In order to investigate the effect of hyper-parameter, i.e. the loss coefficient \(\lambda \) and learning rate r, we test the modularity with the increase of \(\lambda \) from 0 to 100 under different learning rate, i.e. \(r \in \{0.0001, 0.001, 0.01, 0.1\}\). Figure 9 shows the modularity results with varying \(\lambda \) and r in C.elegans dataset. We can see that the best modularity is obtained under the setting of \(\lambda =10\) and \(r=0.001\). When \(\lambda =0\), our model can not identify high modular structures, which proves the effectiveness of community detection loss \(L_{c}\).

Fig. 9
figure 9

Modularity with different \(\lambda \) and r in C.elegans dataset

Fig. 10
figure 10

Network visualization for an instance of a 3-layer mLFR network with \(\mu = 0.35\). a The 3-layer mLFR network consists of 50 nodes and 84, 83, 84 edges in the three layers, respectively. The vertical lines illustrate a same node in the three layers. b The ground truth of community divisions, as well as the detected communities by the experimented algorithms. Nodes with the same color indicate that they belong to a same community

Fig. 11
figure 11

Embedding visualization of node representation \(\textbf{Z}\) in a mLFR network with \(\mu = 0.4\), consisting of 500 nodes and in total 16,445 edges. a 2D visualization of the nodes’ representations during the training process of GCFM algorithm. Epoch0 indicates that the representation is only trained with the graph convolutional auto-encoder, and the following epoches have included the self-training component in the representation training. b Visualization of feature similarity matrix \(\mathbf {ZZ^{T}}\). For node representation \(\textbf{Z}\) in epoch25, we normalize the matrix \(\mathbf {ZZ^{T}}\) and visualize it with a gray-scale image. The main diagonal blocks indicate the community distribution

5.4 Visualization

5.4.1 Network visualization

Figure 10 visualizes an instance of a 3-layer mLFR network with \(\mu = 0.35\) and the communities detected by the experimented algorithms. We can observe that the result of our GCFM is closest to the ground truth.

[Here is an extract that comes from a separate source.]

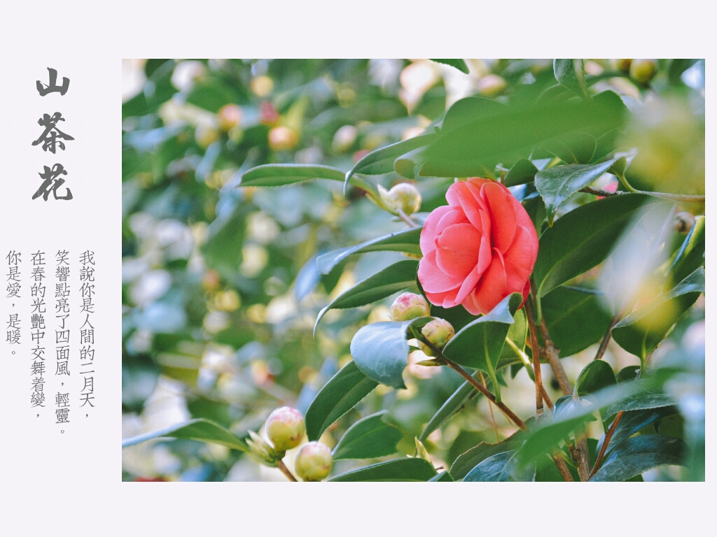 不少人对山茶花情有独钟,明代苏伯衡写到:“山茶优花红锦装,中有一支并蒂香,苻采烂若双鸳鸯,嫣然占尽三春光。”诗人杨升庵赞美山茶为:“绿叶红英斗雪开,黄蜂粉蝶不觉来,海边柱树无颜色,羞把琼枝照玉台。”郭沫若则写到:“茶花一树早桃红,百朵彤云笑傲中。”

5.4.2 Embedding visualization

Figure 11 visualizes the node representations and feature similarity matrix learned by our GCFM for an instance of a 4-layer mLFR network with \(\mu =0.4\). We use the t-SNE (Van der Maaten and Hinton 2008) to visualize the node representation \(\textbf{Z}\) at some training epoches. We can see that the not only the node representations become more evident with the increase of epochs, but also the relations in between nodes, that is, clearer yet distant community division in the projected space. In the right, the main diagonal blocks of feature similarity matrix \(\mathbf {ZZ^{T}}\) show the community distribution corresponding to the result of the 25-th training epoch.

6 Discussion and conclusion

In this paper, we have proposed the GCFM for the task of community detection in multiplex networks. It contains a graph convolutional auto-encoder for encoding neighbor-aware intra-layer structural information, a multiscale fusion network for learning a holistic version of nodes’ representations by fusing nodes’ encodings at different layers and different scales, and a self-training mechanism to train our model and detect communities. Experiments on both synthetic and real-world datasets have validated the superiority of our GCFM over the state-of-art algorithms. In this work, an excellent feature of our model lies in its full consideration for different scales of local information.

We also obverse some limitations which need to be further investigated. Due to the lack of prior knowledge, we treat each layer equally while each network layer may have its own contribution to the final detected communities in the real world. Therefore, how to judge the weight of each layer in a multiplex network is important. One of the possible approaches is to introduce node attributes. Also the GCFM is mainly used in undirected multiplex networks. Some applications in the real world suggest directed edges. In our future work, we would like to investigate community detection in multiplex networks with node attributes and edge directions.